Data Visualization
This outline covers the data visualization aspects of the Splink project, with a focus on the visualizations used in the tutorials and examples.
Visualization Techniques
Splink utilizes a variety of visualization techniques, including:
- Bar Charts: For displaying value counts and frequency distributions, these charts help understand the data’s shape and identify potential outliers. Example:
tutorials/02_Exploratory_analysis.ipynb
, where a bar chart shows the “Top 10 values by value count.” - Heatmaps: To visualize the missingness of data, these maps help identify columns with a high proportion of null values. Example:
tutorials/02_Exploratory_analysis.ipynb
, where a heatmap depicts the “Missingness” of columns. - Stacked Bar Charts: Representing the distribution of comparison vector values across different columns, these charts help analyze how different columns contribute to the overall linkage process. Example:
tutorials/06_Visualising_predictions.ipynb
, where a stacked bar chart shows the distribution of “comparison vector value” across different columns. - Text Overlays: These overlays are used on bar charts to provide additional information for each bar, like the specific values being compared. Example:
tutorials/06_Visualising_predictions.ipynb
, where text overlays show the values being compared for each column. - Interactive Charts: Enabled by libraries like Altair, Splink leverages interactive features like brushing and filtering to explore data dynamically. Example:
scv.html
, which demonstrates interactive brushing and filtering to analyze comparison vector distributions and probabilities.
Visualization Examples
Exploratory Analysis
In the tutorials/02_Exploratory_analysis.ipynb
notebook, the following visualizations are used:
- Value Counts: Bar charts show the value counts for different columns.

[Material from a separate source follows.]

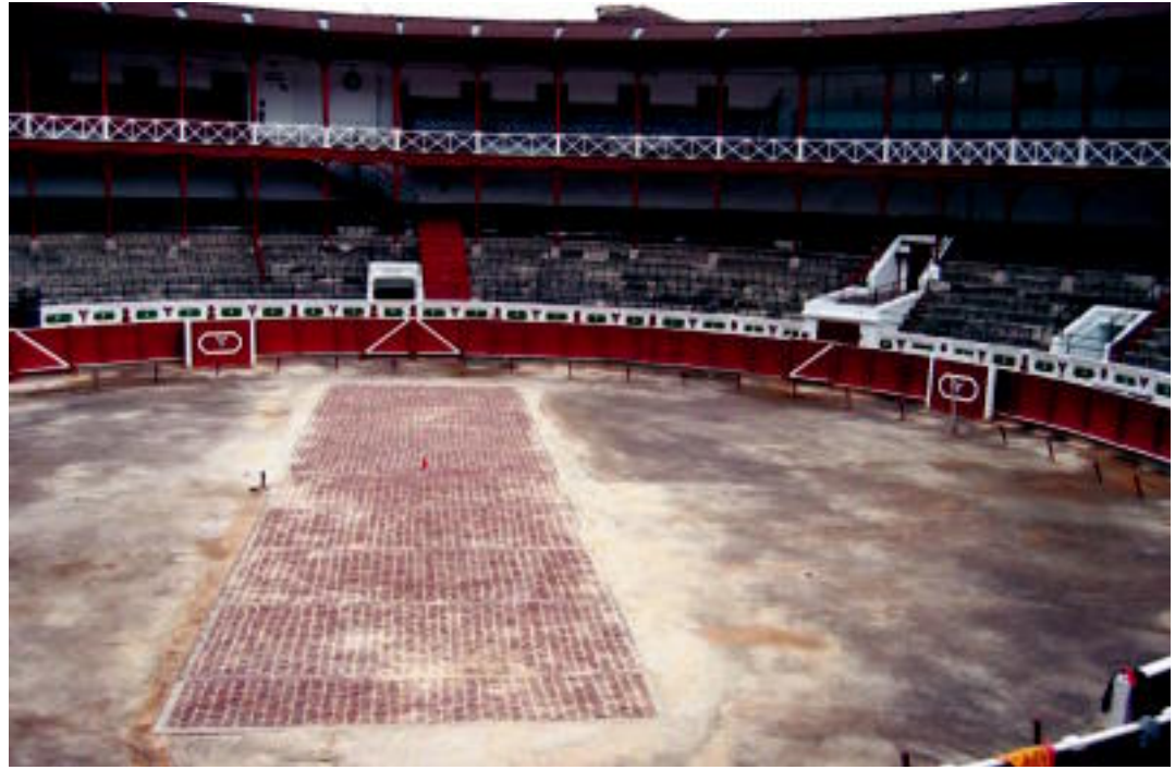
Idi probetarako galtzada-harria eta korrikalari apustuatarako uztia agerian dago egun hauetan zezen-plazan. JOXEMI SAIZAR

TOLOSA ▶ Hondar berria jartzeko, zegoen guztia kendu dute zezen-plazan; azpian idi-probetarako galtzada-harria eta apustuatarako ibilbidea ageri da

Example: Top 10 values by value count in the
dob
column, Bottom 5 values by value count in thesurname
column. - Missingness: Heatmaps visualize the proportion of null values in each column.
Visualizing Predictions
The tutorials/06_Visualising_predictions.ipynb
notebook provides a detailed view of how Splink’s prediction results can be visualized.

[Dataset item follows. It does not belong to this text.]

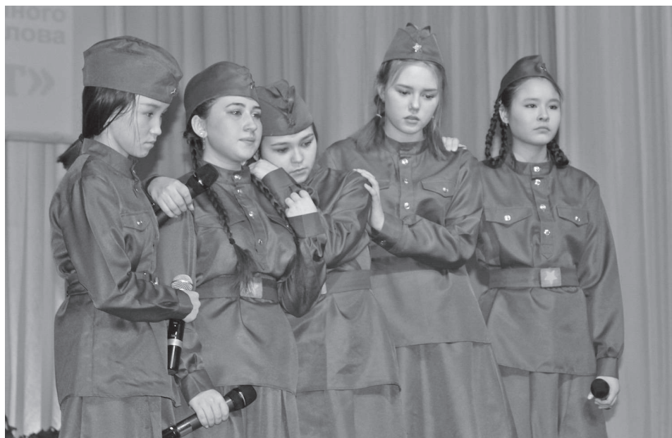
Учащиеся Туринской средней школы-интерната

- Comparison Vector Values: Stacked bar charts show the distribution of comparison vector values across different columns.
- Text Overlays: Overlays are added to each bar to display specific values being compared.
Comparison Vector Visualization (SCV)
scv.html
uses interactive charts:
- Comparison Vector Frequency: A bar chart with brushing and filtering capabilities shows the frequency of different comparison vector values.
- Comparison Vector Probability: An interactive heatmap displays the match probabilities for different comparison vector values, color-coded for easy visualization.
Visualization Libraries
Splink utilizes various libraries for data visualization:
- Altair: A declarative statistical visualization library, providing the ability to create interactive and dynamic visualizations. This library is frequently used in the tutorials and examples to create interactive charts. Example:
scv.html
andtutorials/02_Exploratory_analysis.ipynb
. - Pandas: This powerful library offers various data manipulation and visualization functionalities. Example:
tutorials/06_Visualising_predictions.ipynb
utilizes Pandas to create stacked bar charts.
Project Context
These visualizations are crucial for understanding data characteristics, exploring potential relationships, and interpreting prediction results in the context of data linking. They enable developers and analysts to gain valuable insights into the quality and consistency of the data, ultimately improving the accuracy of data linking processes.
Top-Level Directory Explanations
examples/ - This directory likely contains examples or sample code for using the project’s components.
examples/athena/ - This subdirectory may contain examples using Amazon Athena, an interactive query service for analyzing data in Amazon S3 using standard SQL.
examples/athena/dashboards/ - This subdirectory may contain Athena dashboard files.
examples/duckdb/ - This subdirectory may contain examples using DuckDB, an open-source in-memory analytic database.
examples/duckdb/dashboards/ - This subdirectory may contain DuckDB dashboard files.
examples/sqlite/ - This subdirectory may contain examples using SQLite, a popular open-source database management system.
examples/sqlite/dashboards/ - This subdirectory may contain SQLite dashboard files.
tutorials/ - This directory may contain tutorials or guides for using the project.